Exercise data:
= = = = = = =

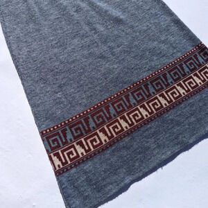 Vintage Blue Knit Long Skirt with Burgundy Pattern - Creations Isadora Small
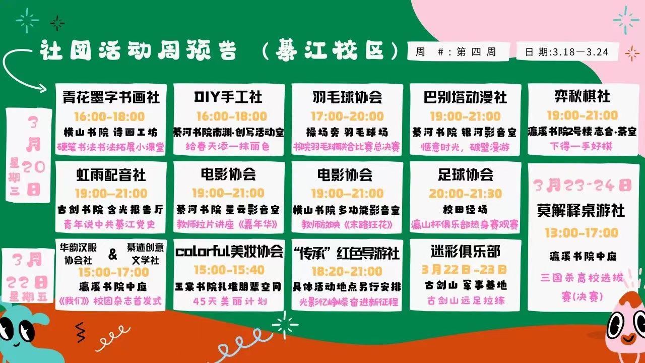 社团与你久违相见,所以显得格外珍重,平凡的生活总是需要调剂,意想不到的社团“惊喜”,是同学们一定不愿错过点燃激情的机会。宇宙山河浪漫,生活点滴温暖,每一刻都值得你我铭记与探索,这周的每一份浪漫,都由社团提供,快来康康这些活动,哪一个戳中了你的心巴!
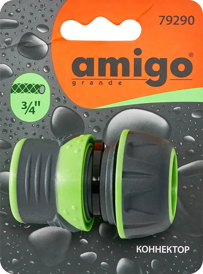 **Коннектор Amigo 79290** представляет собой стандартную модель и используется при обустройстве оросительной системы дачного, загородного участка. Предназначен для подсоединения шланга. Отличается простотой установки и демонтажа.

= = = = = = =

Without the pictures, transcribe exactly the lines above from the one containing "社团与你久违相见,所以显得格" through the last.

Answer for the task:
 社团与你久违相见,所以显得格外珍重,平凡的生活总是需要调剂,意想不到的社团“惊喜”,是同学们一定不愿错过点燃激情的机会。宇宙山河浪漫,生活点滴温暖,每一刻都值得你我铭记与探索,这周的每一份浪漫,都由社团提供,快来康康这些活动,哪一个戳中了你的心巴!
 **Коннектор Amigo 79290** представляет собой стандартную модель и используется при обустройстве оросительной системы дачного, загородного участка. Предназначен для подсоединения шланга. Отличается простотой установки и демонтажа.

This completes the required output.